Despite the fact that Nimslo cameras are no longer produced, one can still obtain a Nimslo through various internet auction sites. In fact, the Nimslo maintains a loyal following among photography buffs. In most recent years, renewed interest in the 1981 Nimslo camera has created a growing online after-market for both the analog camera itself and Nimslo camera prints. This includes a large number of GIF images created using the Nimslo camera, which have proliferated for viewing online.

As of May 2012, there are no known labs that can make lenticular prints from film.

In a somewhat "retro" development, many stereo photography buffs used the Nimslo to take stereo slides which were mounted in "4P" (half frame) slide mounts. This was done by using either slip in cardboard mounts, some specially labeled with the Nimslo name or aluminum masks such as the Realist "closeup" mask.
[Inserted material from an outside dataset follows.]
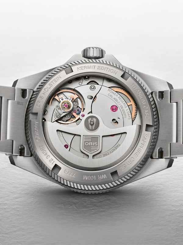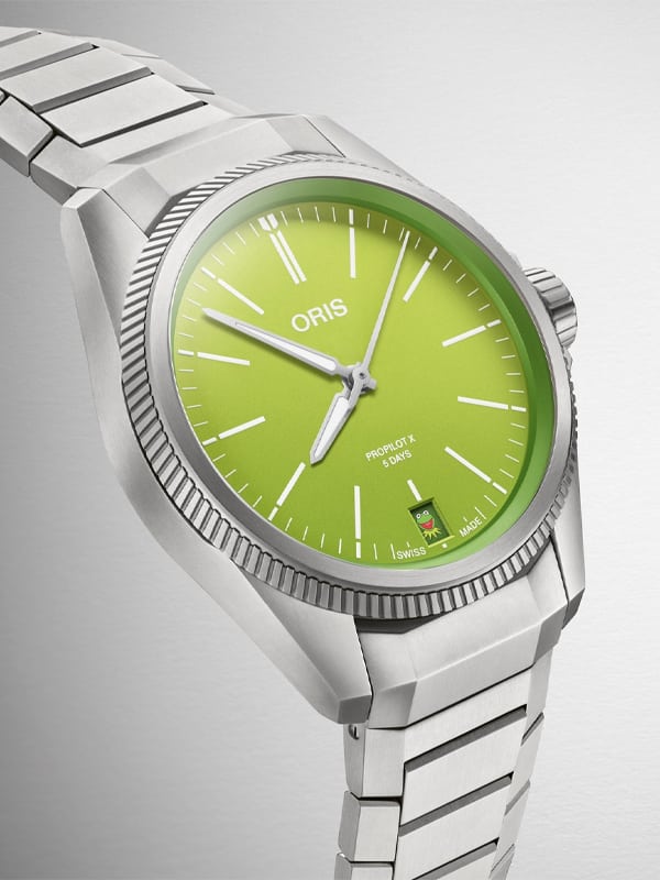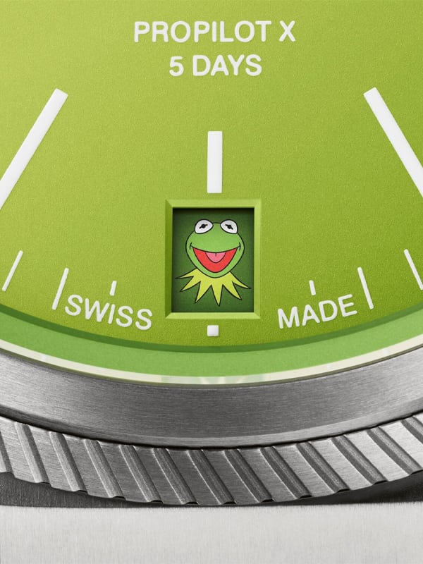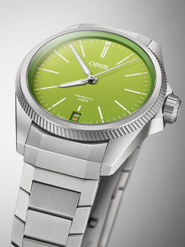 Η Oris με τεράστια χαρά λοιπόν παρουσιάζει το νέο ProPilot X Kermit Edition. Βασίζεται στο ProPilot X Calibre 400 39 χιλιοστών από τιτάνιο, μόνο που έχει πράσινο καντράν - και μία λεπτομέρεια. Την πρώτη μέρα κάθε μήνα, στην ένδειξη ημερομηνίας στο 6, θα εμφανίζεται το emoji του Kermit. Η ημέρα του Kermit ενθαρρύνει τους ανθρώπους να παίρνουν την ζωή λιγότερο σοβαρά. Να διασκεδάζουν. Και η Oris διασκεδάζει με απόλυτη σοβαρότητα.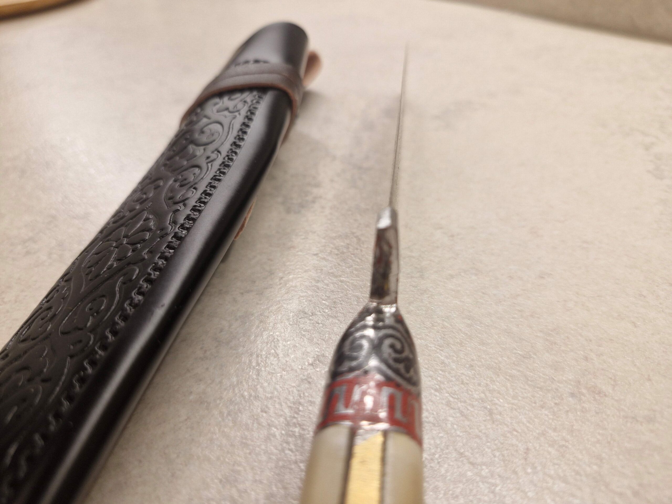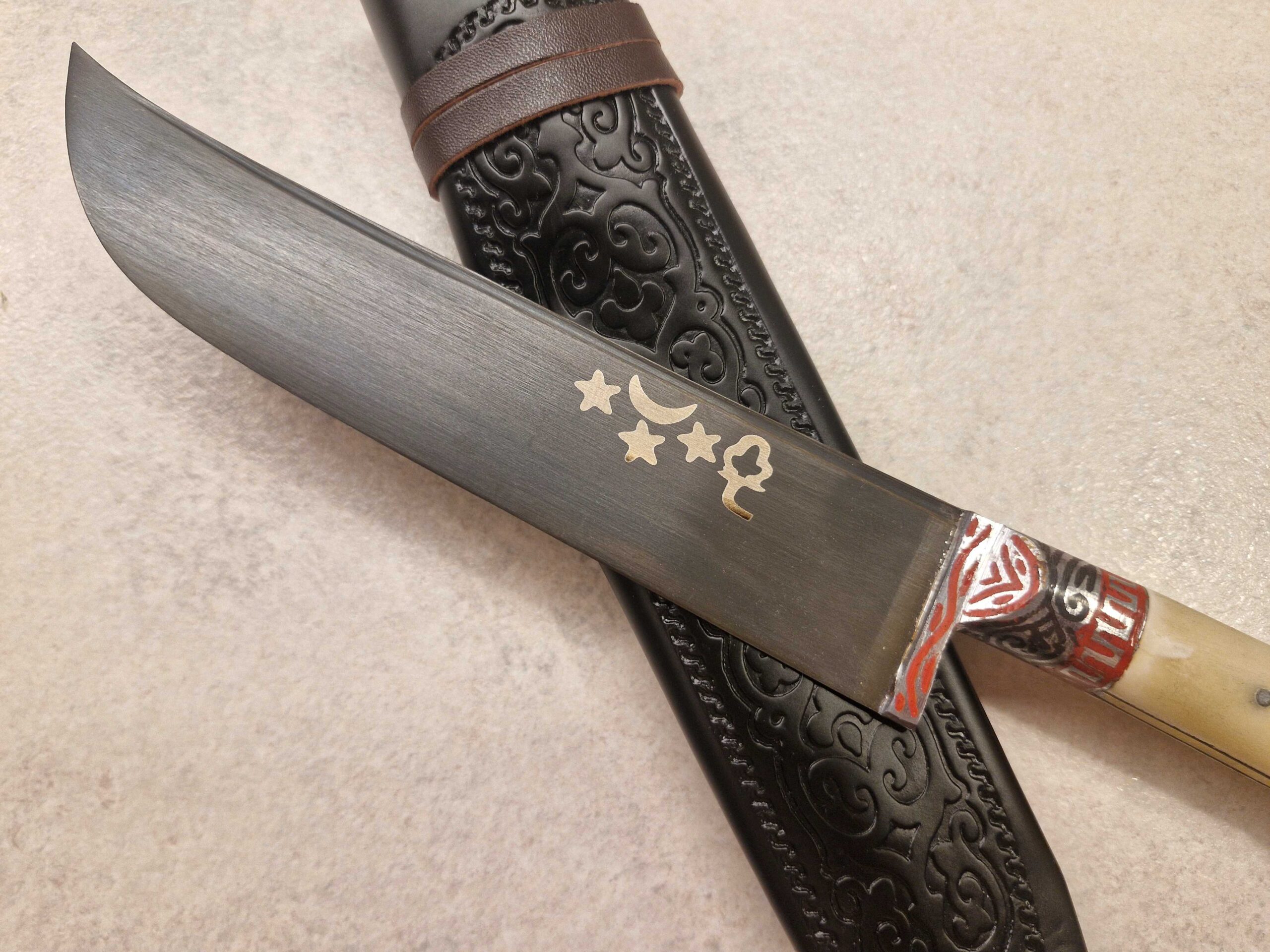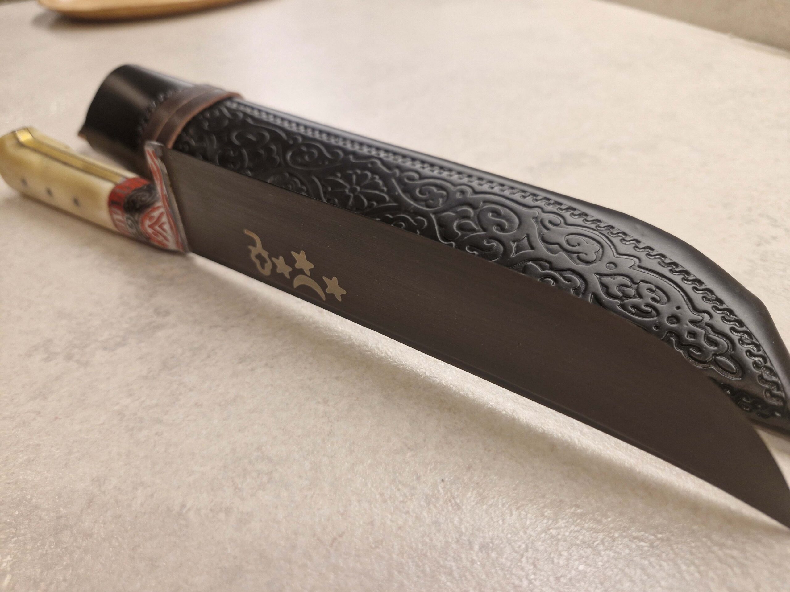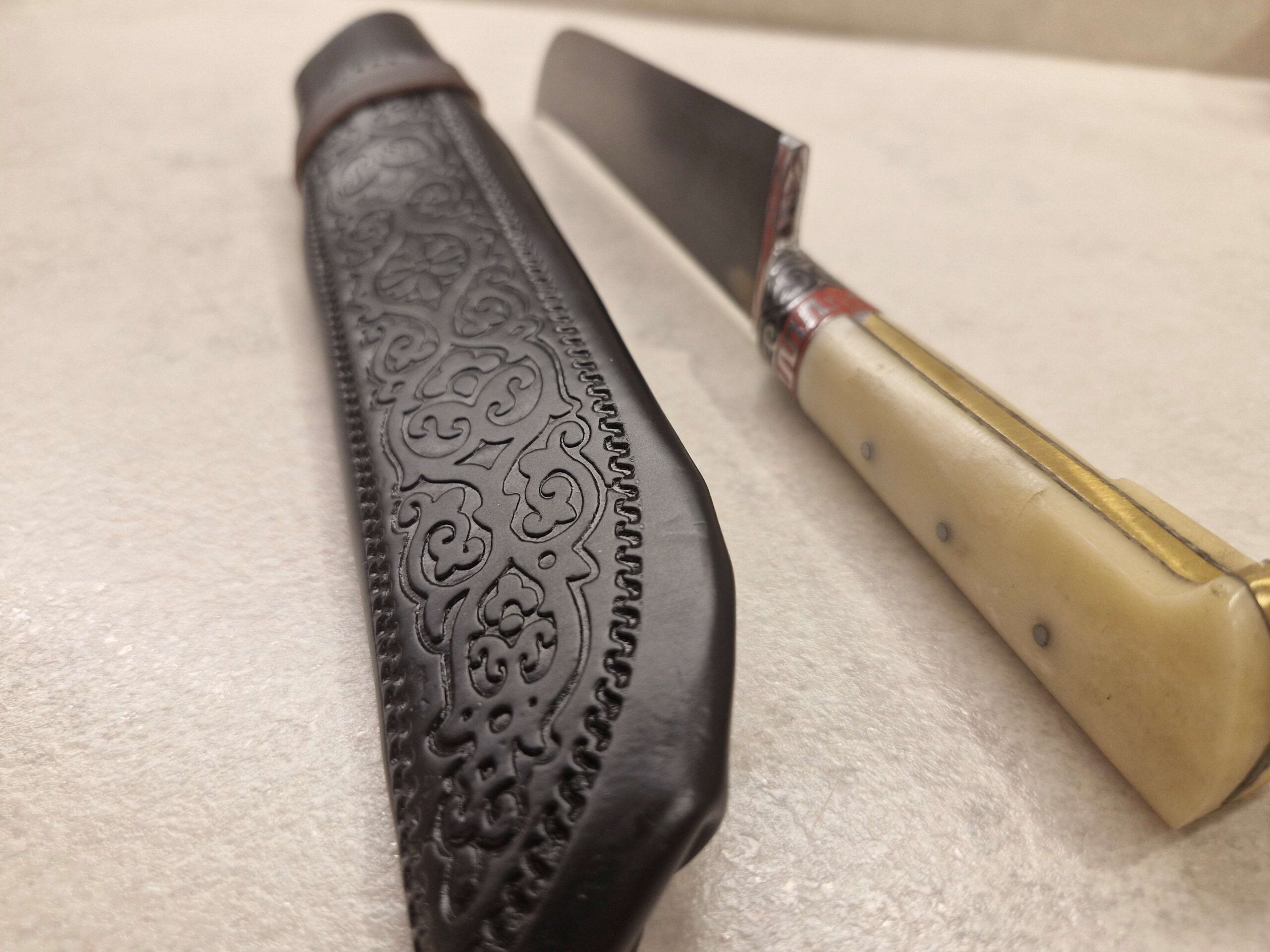 Tradicionāla maksts komplektā: Izgatavota no mākslīgās ādas ar austrumu rakstiem, kas paredzēta naža aizsardzībai.

These masks were sometimes put in metal frames and placed between glass, much like Realist format slides. The resulting stereo slides could then be viewed using conventional Realist format viewers or even projected with stereo projectors.

The dot that was green on negatives was red on slide film and so stereo hobbyists could tell which chip was the left frame after
cutting the film by looking for the red dot. Because many slide mounts were designed for an image frame taller than the Nimslo frame this red dot was sometimes visible in the picture.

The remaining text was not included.